## [INSTRUCTIONS TO FOLLOW]
In your copy, leave out the pictures and repeat the entries below exactly.

## [SUPPLIED ENTRIES]
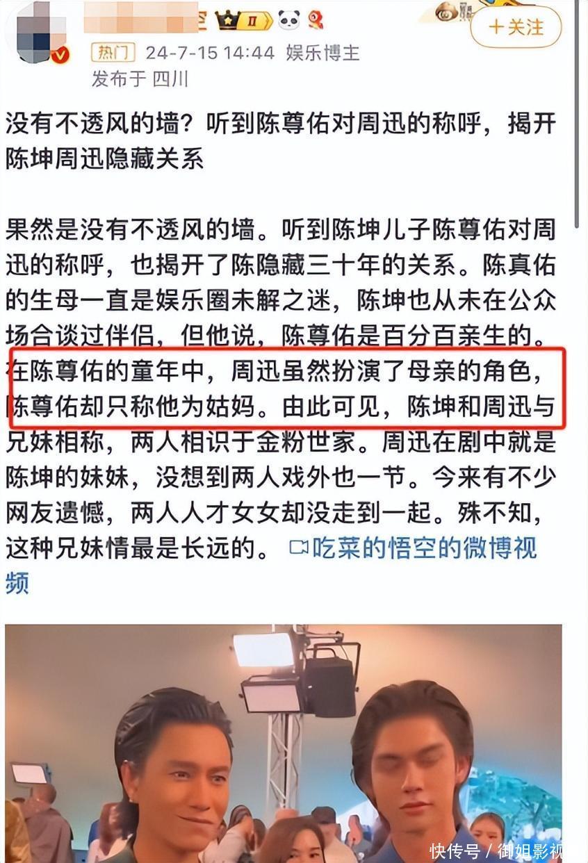 更有文娱号在7月发文曝光陈尊佑喊周迅为“姑姑”!
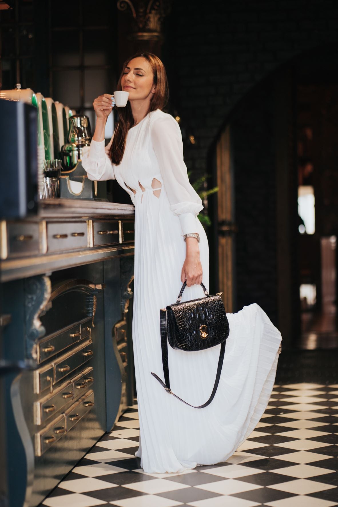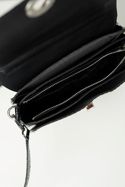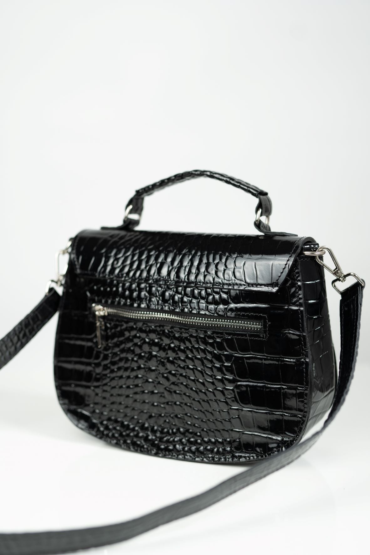 Taguri: gamuza, Genti, medie, Negru, piele croco
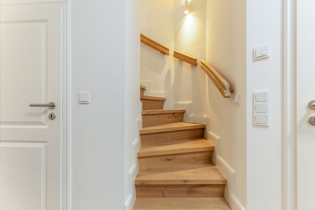 Im Erdgeschoß befindet sich der lichtdurchflutete, hochwertig eingerichtete Wohnraum mit bequemer Couch, die auch als Schlafcouch mit den Maßen 160x200 genutzt werden kann und TV. Außerdem finden Sie hier die offene Küche, ausgestattet mit Geschirrspüler, einem Backofen-Mikrowellen-Kombigerät, Kaffeemaschine, Toaster und Wasserkocher. Angrenzend an die Küche befindet sich der moderne Essplatz. Auch ein Gäste-WC findet man im Erdgeschoss.
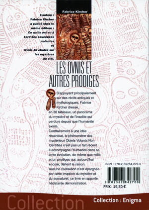 S’appuyant principalement sur des récits antiques et mythologiques, Fabrice Kircher dresse, en 36 tableaux, un panorama du mystère et de l’insolite qui perdure depuis que l’humanité existe. Contrairement à une idée répandue, le phénomène des mystérieux objets Volants Non Identifiés n’est pas un fait récent.?Il accompagne l’humanité dans sa lente évolution, de même que mille et un prodiges qui, aujourd’hui encore, défient la raison. Aucune civilisation n’est épargnée par cette irruption du mystère et du surnaturel, ce livre en apporte l’éclatante démonstration.
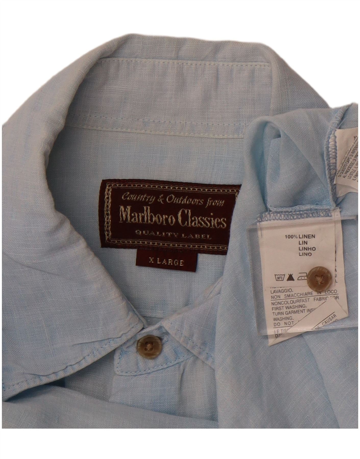 Мужская рубашка MARLBORO CLASSICS с коротким рукавом XL, синяя льняная

## [ANSWER TO THIS TASK]
 更有文娱号在7月发文曝光陈尊佑喊周迅为“姑姑”!
 Taguri: gamuza, Genti, medie, Negru, piele croco
 Im Erdgeschoß befindet sich der lichtdurchflutete, hochwertig eingerichtete Wohnraum mit bequemer Couch, die auch als Schlafcouch mit den Maßen 160x200 genutzt werden kann und TV. Außerdem finden Sie hier die offene Küche, ausgestattet mit Geschirrspüler, einem Backofen-Mikrowellen-Kombigerät, Kaffeemaschine, Toaster und Wasserkocher. Angrenzend an die Küche befindet sich der moderne Essplatz. Auch ein Gäste-WC findet man im Erdgeschoss.
 S’appuyant principalement sur des récits antiques et mythologiques, Fabrice Kircher dresse, en 36 tableaux, un panorama du mystère et de l’insolite qui perdure depuis que l’humanité existe. Contrairement à une idée répandue, le phénomène des mystérieux objets Volants Non Identifiés n’est pas un fait récent.?Il accompagne l’humanité dans sa lente évolution, de même que mille et un prodiges qui, aujourd’hui encore, défient la raison. Aucune civilisation n’est épargnée par cette irruption du mystère et du surnaturel, ce livre en apporte l’éclatante démonstration.
 Мужская рубашка MARLBORO CLASSICS с коротким рукавом XL, синяя льняная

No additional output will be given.